A Feature Discretization Method Based on Fuzzy Rough Sets for High-resolution Remote Sensing Big Data Under Linear Spectral Model
Peer reviewed, Journal article
MetadataShow full item record
Original versionIEEE transactions on fuzzy systems. 2021, . 10.1109/TFUZZ.2021.3058020
As one of the most relevant data preprocessing techniques, discretization has played an important role in data mining, which is widely applied in industrial control. It can transform continuous features to discrete ones, thus improving the efficiency of data processing and adapting to learning algorithms that require discrete data as inputs. However, traditional discretization methods have shortcomings, such as highly complex programs, excessive numbers of intervals obtained, and significant loss of necessary information in the preprocessing of high-resolution remote sensing big data. Moreover, the large number of mixed pixels in the image is a primary reason for the uncertainty of remote sensing information systems, and current discretization methods are based on the assumption that one pixel only corresponds to the spectral information of a single object, without considering the influence of the uncertainty caused by a mixed spectrum, which causes the classification accuracy to drop after discretization.
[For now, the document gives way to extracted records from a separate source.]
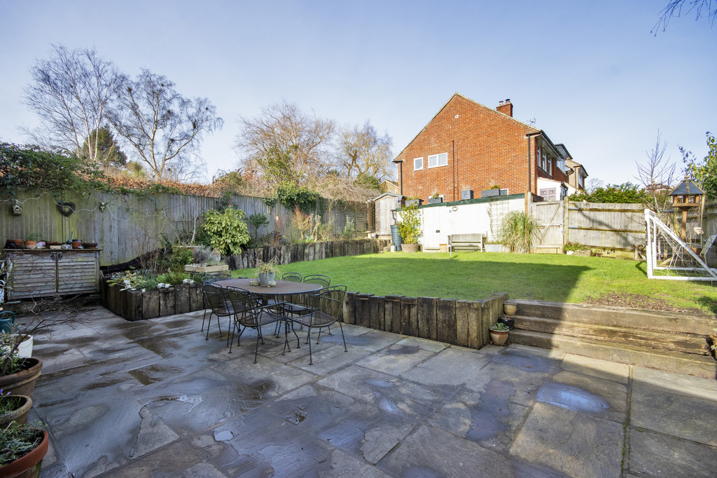 The rear garden has been landscaped with a large patio promoting in and out living, landscaped with vertical railway sleepers, the remainder of the garden is laid to lawn with raised borders to one side with matching vertical railway sleepers.
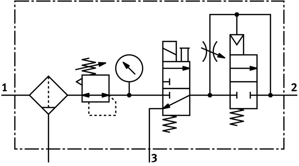 Diese Wartungseinheit kombiniert essentielle pneumatische Komponenten in einem kompakten Paket. Sie verfügt über einen G1/8 pneumatischen Anschluss und liefert eine standardmäßige Nenn-Durchflussrate von 595 l/min. Die Einheit bietet eine Druckregelung von 2,5 bis 12 bar, mit einer Filtrationsstufe von 40 µm. Entwickelt für technische Anwendungen, integriert sie ein Absperrventil, einen Filterregler mit Manometer, einen proportionalen Standard-Ölnebel-Schmierstoff und ein Sicherheitseinschaltventil. Diese umfassende Lösung sorgt für eine effiziente und zuverlässige Luftverarbeitung für pneumatische Systeme.
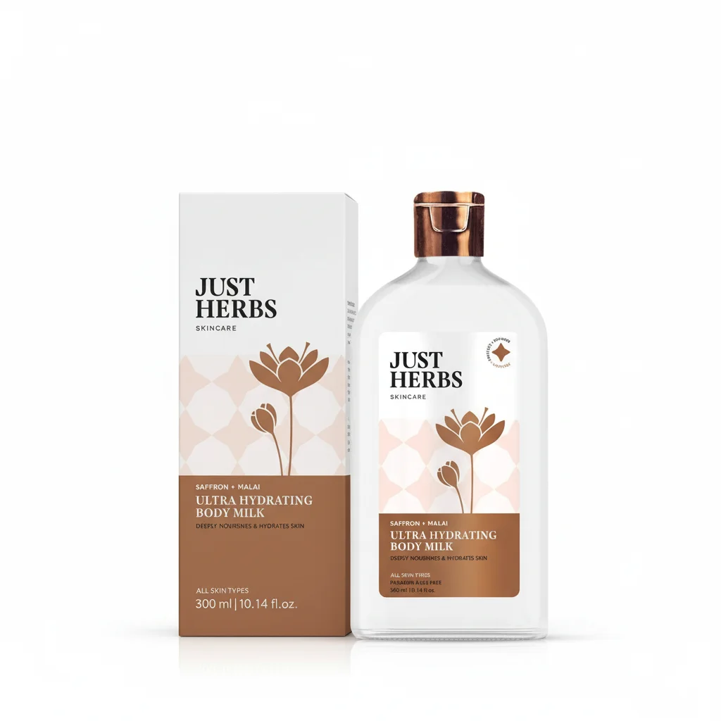 Indulge your skin in a luxurious and deeply nourishing experience with Just Herbs Saffron + Malai Ultra Hydrating Body Milk. This Ayurvedic-inspired body milk is formulated to provide deep nourishment and hydration, leaving your skin feeling incredibly soft, supple, and radiant.
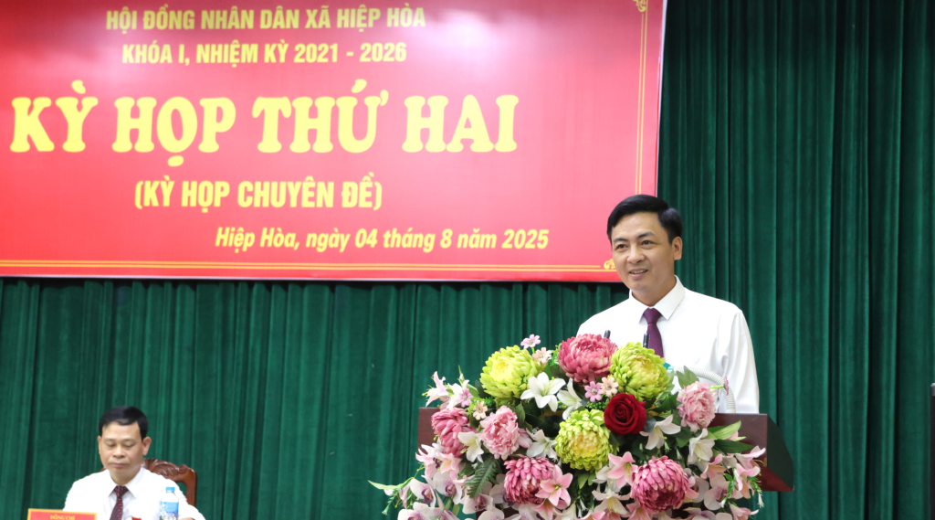 Phát biểu khai mạc Kỳ họp, đồng chí Bùi Huy Khánh- Bí thư Đảng ủy, Chủ tịch HĐND xã nhấn mạnh, đây là kỳ họp có ý nghĩa quan trọng nhằm đánh giá tình hình kinh tế – xã hội, an ninh quốc phòng năm 2025, quyết định mục tiêu, nhiệm vụ 6 tháng cuối năm 2025 và thực hiện một số nhiệm vụ thuộc thẩm quyền theo quy định của Luật. Đặc biệt là trong điều kiện bộ máy chính quyền địa phương hai cấp mới được vận hành từ ngày 1/7/2025. Xã Hiệp Hòa bước vào giai đoạn kiện toàn, ổn định tổ chức đồng thời chỉ đạo triển khai thực hiện các nhiệm vụ, các công việc trong điều kiện mới, xã là đơn vị có quy mô lớn về dân số, diện tích và nhiều tiềm năng đột phá về công nghiệp, đô thị, dịch vụ và trở thành phường trước năm 2030. Đồng chí Bí thư Đảng ủy, Chủ tịch HĐND xã đề nghị các đại biểu nêu cao tinh thần trách nhiệm, phát huy dân chủ, trí tuệ, tích cực thảo luận, đóng góp ý kiến sâu sắc, thiết thực, có tính xây dựng cao để các nghị quyết thông qua bảo đảm đúng luật, phù hợp thực tiễn, sớm đi vào cuộc sống.
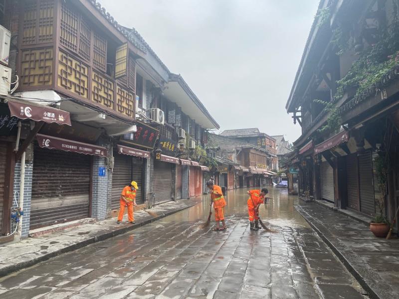 上午8時(shí),磁器口的洪水出現(xiàn)消退。沙坪壩無(wú)人員傷亡和重大財(cái)產(chǎn)損失,經(jīng)受住洪峰考驗(yàn),環(huán)衛(wèi)工人開(kāi)始打掃清淤。
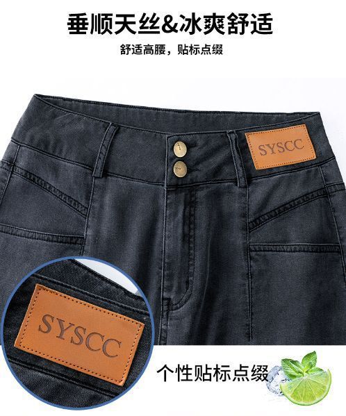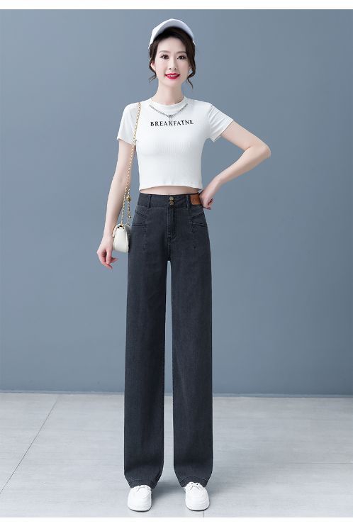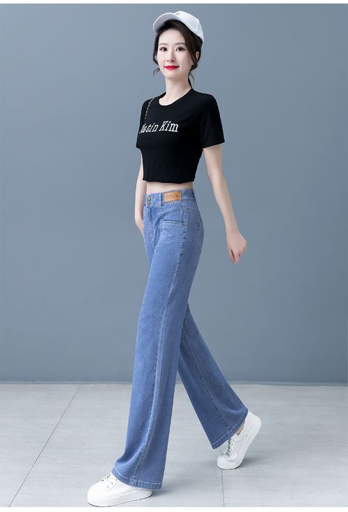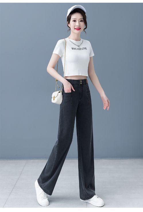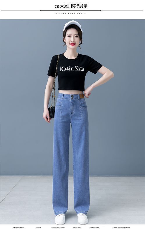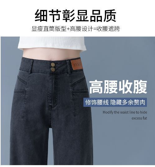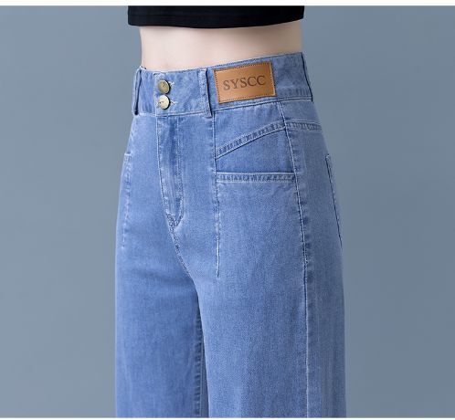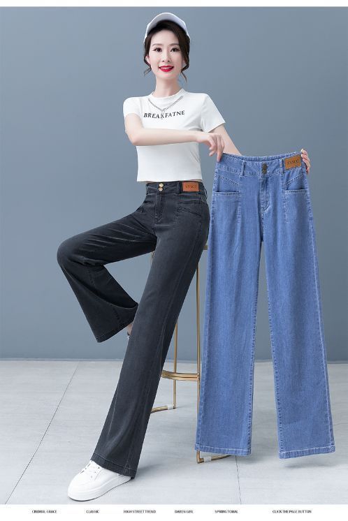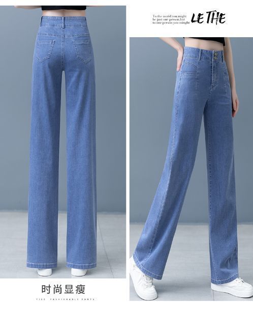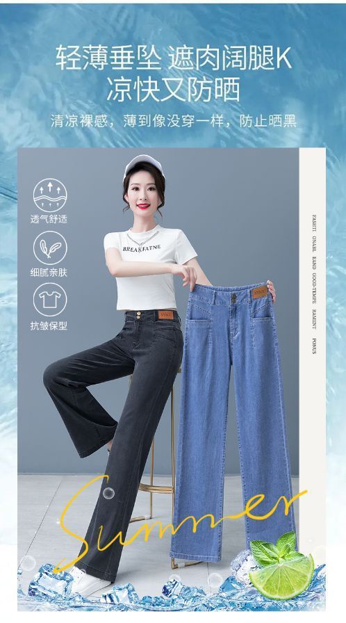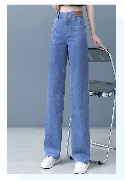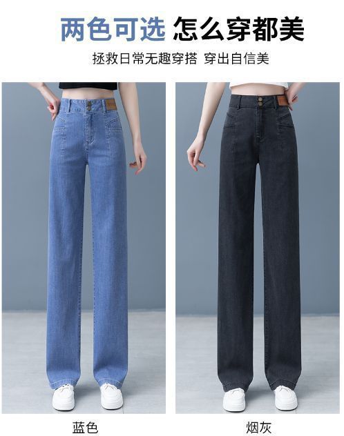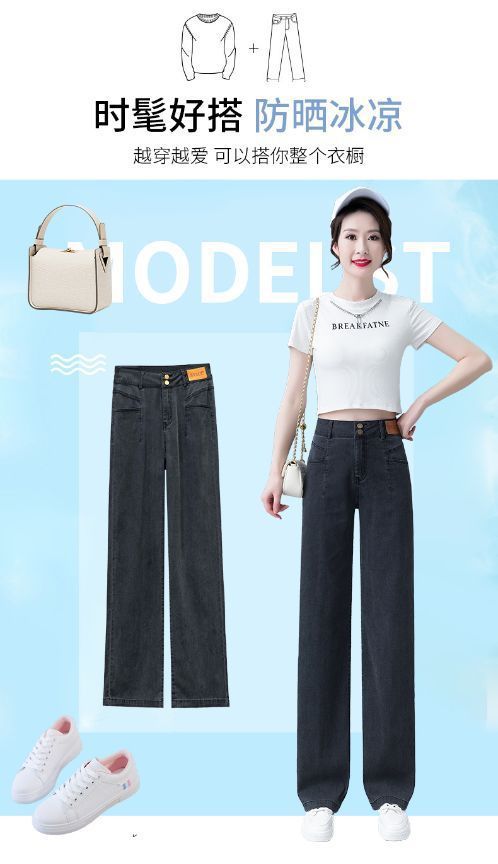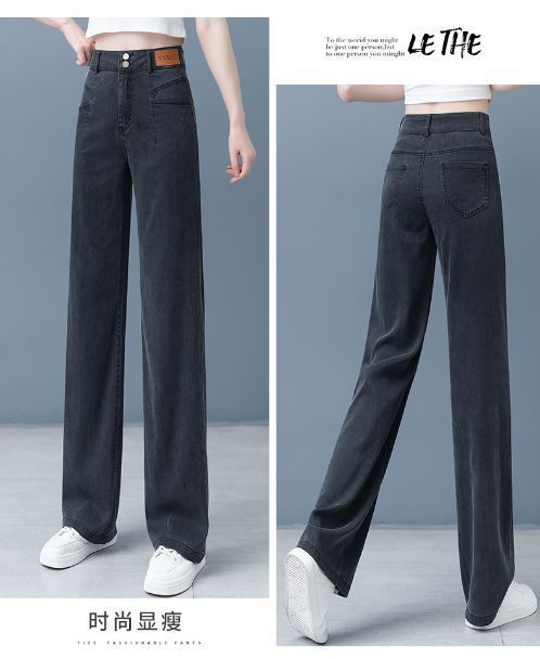 여성용 아이스 실크 와이드 레그 청바지 2026 새로운 하이 웨이스트 슬림 바지 여름 얇은 텐셀 드레이프 스트레이트 바지스토어 가기

We propose a discretization method for high-resolution remote sensing big data. We determine the membership degree of each pixel in training samples through linear decomposition, and establish the individual fitness function based on a fuzzy rough model. An adaptive genetic algorithm selects discrete breakpoints, and a MapReduce framework calculates the individual fitness of the population in parallel, to obtain the optimal discretization scheme in the minimum time. Our method is compared to the best state-of-the-art discretization algorithms on the authentic remote sensing datasets. Experiments verified the effectiveness of the proposed method, which provides strong support for the subsequent processing of images.